Check for a broken wire in the loom. start at the harness clamp where the harness enters the control. and do the control power and ground wire first. A quick continuity check on the red/black and black wire are in order. a proper ground is as important as a strong 12 volts. Be sure to attach to a keyed circuit so you don't drain your battery if you forget and leave it in float at the end of a 48 hour day. 

Oh and make sure the bulb for the DP in the control is not burned out. that could change a bunch of things.


----------



## procarry21 (Feb 14, 2010)

Thanks for the input basher and t-sig.

I checked the joystick diodes, wiring, and light today and all is good. Put 12 volts on the pins with the toggle switch on and the light worked.

I used an adapter to plug into and existing fuse slot (used the one for the radio). I plan on checking the voltage coming out. make sure I am getting 12v, then start looking at all the connections. Now that I know the joy stick is good, I am hoping to find the bad link!

Thanks for all your help, snow drifing like crap and still having to use my beater with now reverse ,cracked block, and rusty leaking gas tank. Deep skills to plow with this beast.


----------



## procarry21 (Feb 14, 2010)

Thanks to everybody for there advice and help. Got the truck wired last night. The problem was right at the fuse box as you guys mentioned it might be. Was not gettting 12 volts. The wire had an open right at the fuse location! Think when the wire was not installed and straight it made contact and continuity checked ok.

Anyway, everything looks good, Thanks much.

procarry21
Snow way 25
1999 Siveraldo


----------



## basher (Nov 13, 2004)

Good deal. Glad it's working now its time to make a little payup


----------



## t-sig (Feb 5, 2010)

Glad to help! I have had 2 snoways and have no real complaints. The down pressure is a great feature if you have snow pack to scrape, or, if you are back dragging. If you haven't, you may want to read through some of the chevy truck forum. If your truck isn't a "plow prep" you may want to upgrade the front suspension and the alternator. 500 pounds of ballast at the tailgate is good too. The front of my 2000 Silv. dropped pretty good the plow on.


----------



## basher (Nov 13, 2004)

t-sig;1003499 said:


> The front of my 2000 Silv. dropped pretty good the plow on.


Yeah a crank or two on the T-bars and a set of timberns is a must on any Chevy, plow prep or not.


----------



## CMU07 (Sep 29, 2009)

I'm having pretty much the same problem. Was plowing and the plow wouldn't move (up left or right). Got it up and back to the shop. The solenoid just clicks but I'm gettin nothing from the plow. I'm not much for any electrical, but saw a bent terminal on the solenoid so I'm hoping that when the auto shops open I can grab a 12v 4 post.
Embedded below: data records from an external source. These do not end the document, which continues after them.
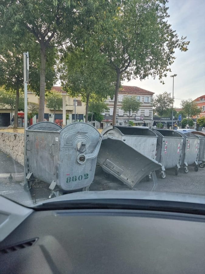 Na jednom od parkinga u blizini Sukoišanske ulice, kod kućica gdje se prodaju autobusne karte Prometa Split, oštećen je jedan kontejner.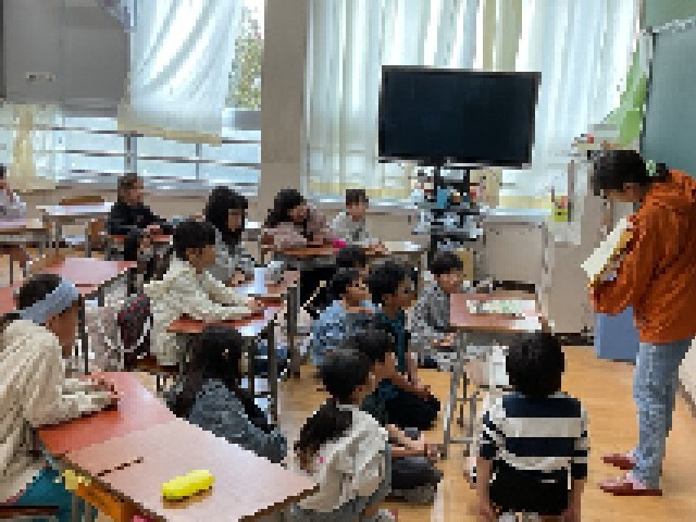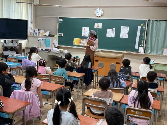 毎週金曜日、朝学習の時間に「お話キューピット」の皆さんが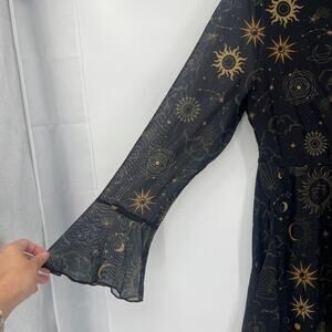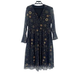 Black Bloomchic Celestial Mesh Midi Dress sz 14/16 Witchy Sheer Whimsigoth Halloween Sun Moon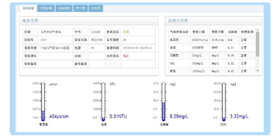 環境監測云平臺可查看通訊卡卡號、儀器與平臺的通訊狀態、信號強度、儀器電量等功能

If it's not that I may be SOL, because I don't think I could run down wires like you guys.


----------



## basher (Nov 13, 2004)

yes replace the 12volt motor solenoid. buy a good one, 150amp constant duty or better. If you can get a trombeta "Bear" 600amp constant duty pay the money you have to modify a little to install but it is well worth the time and price.


----------



## CMU07 (Sep 29, 2009)

thanks for the suggestion, ended up goin with the exact same one that came out. there arent a lot of options around here, closest dealer is 30miles away and I needed it quick! working again though!


----------